Line integral with cross products

Question

I'm in AP Physics C, and some of the topics in the electricity and magnetism portion use multivariable or vector calculus. Since it's a physics class, the math always simplifies to simple calculus or geometry and you don't actually need to do vector calculus. However, I was curious about the math so I started teaching myself some multivariable calculus, and found out that, for instance, Gauss's Law: $$\oint\vec{E}\cdot\vec{dA} = \frac{Q_{enc}}{\varepsilon_{0}}$$ really uses a surface integral and that the formula for calculating the potential difference along a curve C $$\Delta V = - \int_{C}\vec{E}\cdot\vec{dr}$$ involves a line integral. Both of these integrals eventually evaluate to a scalar. However, when we went into magnetism, I ran into two equations that seemingly involved line integrals, but involved the integrand being crossed with a differential element, resulting in a vector answer.

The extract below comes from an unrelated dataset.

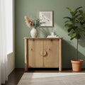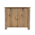 This sideboard in Brown provides practical storage with two concealed cabinet doors, ideal for organizing dining essentials or living room items. Its cracked oak pattern texture adds subtle character, while rounded legs and soft edge details create a smooth, inviting silhouette. Compact and versatile, it fits well in dining rooms, entryways, or smaller living spaces.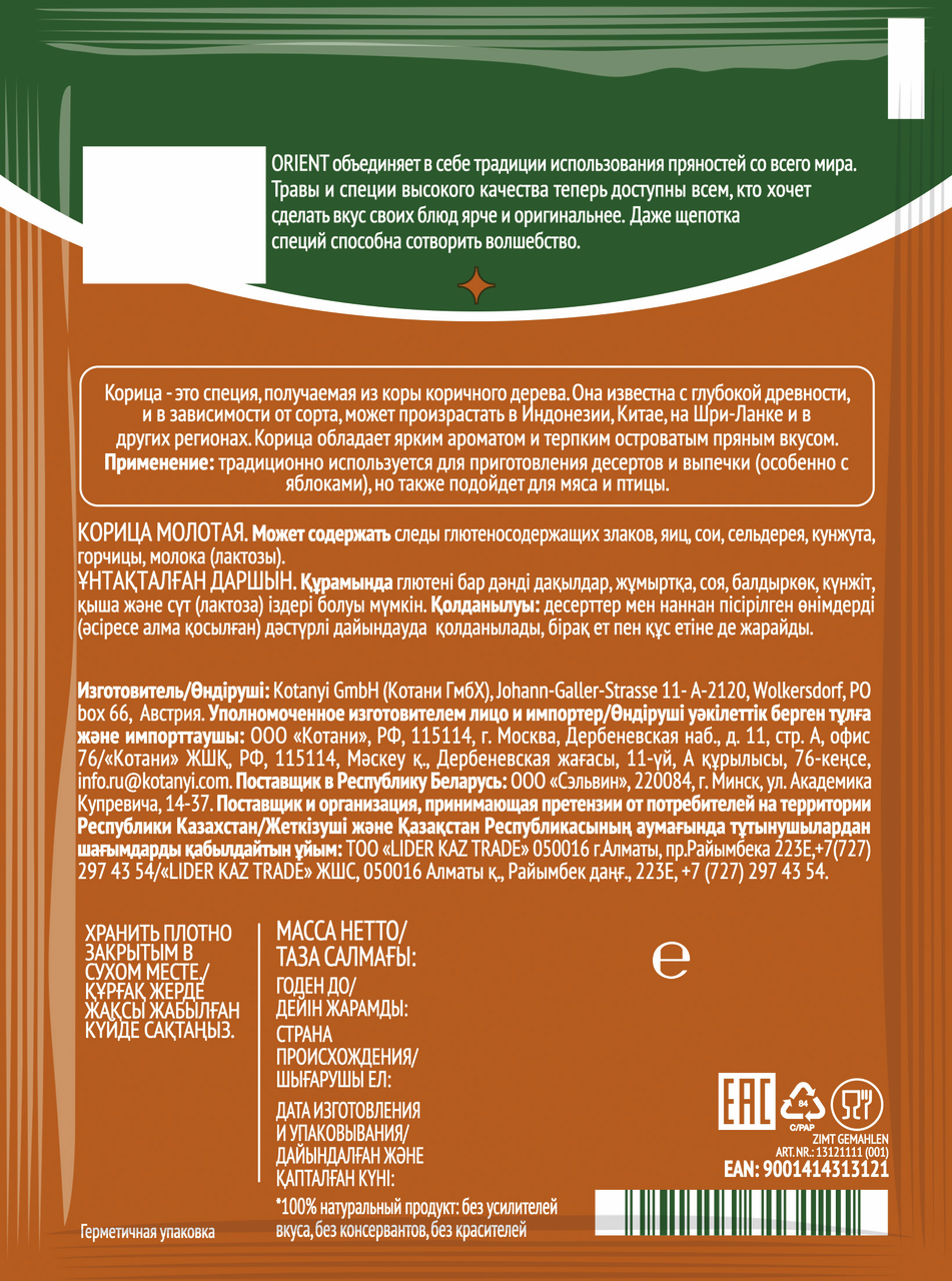 Корица - это одна из самых ароматных специй в мире. Она имеет неповторимый аромат и придает блюдам характерный пряный сладковатый вкус. Корица Orient подходит как для приготовления классических, так и экзотических блюд. Корица отлично сочетается с гвоздикой, кардамоном, кориандром, зирой, лавровым листом и мускатным орехом. Применение: подходит для выпечки, десертов, блюд индийской, карибской и марокканской кухни.

These equations are the Biot-Savart Law for calculating the magnetic field at a point P due to a wire that lies along a curve C $$\vec{B_{p}} = \frac{\mu_{0}I}{4\pi}\int_{C}\frac{\vec{ds}\times\hat{r}}{\left| \vec{r}\right|^{2}}$$ and the equation for the magnetic force on a wire that lies along a curve C due to an external magnetic field $$\vec{F_{B}} = \int_{C}I \vec{dl} \times \vec{B}$$ So far, all of the line integrals I have seen involved the integrand (a vector field or multivariable function) dotted with a differential curve element, so are these integrals even line integrals in the first place? Could you link me to a resource that shows what they are called and defines a mathematically rigorous way to evaluate them? The only integrals I've seen so far that produce vector answers are integrals of space curves as the parameter varies from a to b, and the textbook I was using didn't do a very good job of explaining what their significance is.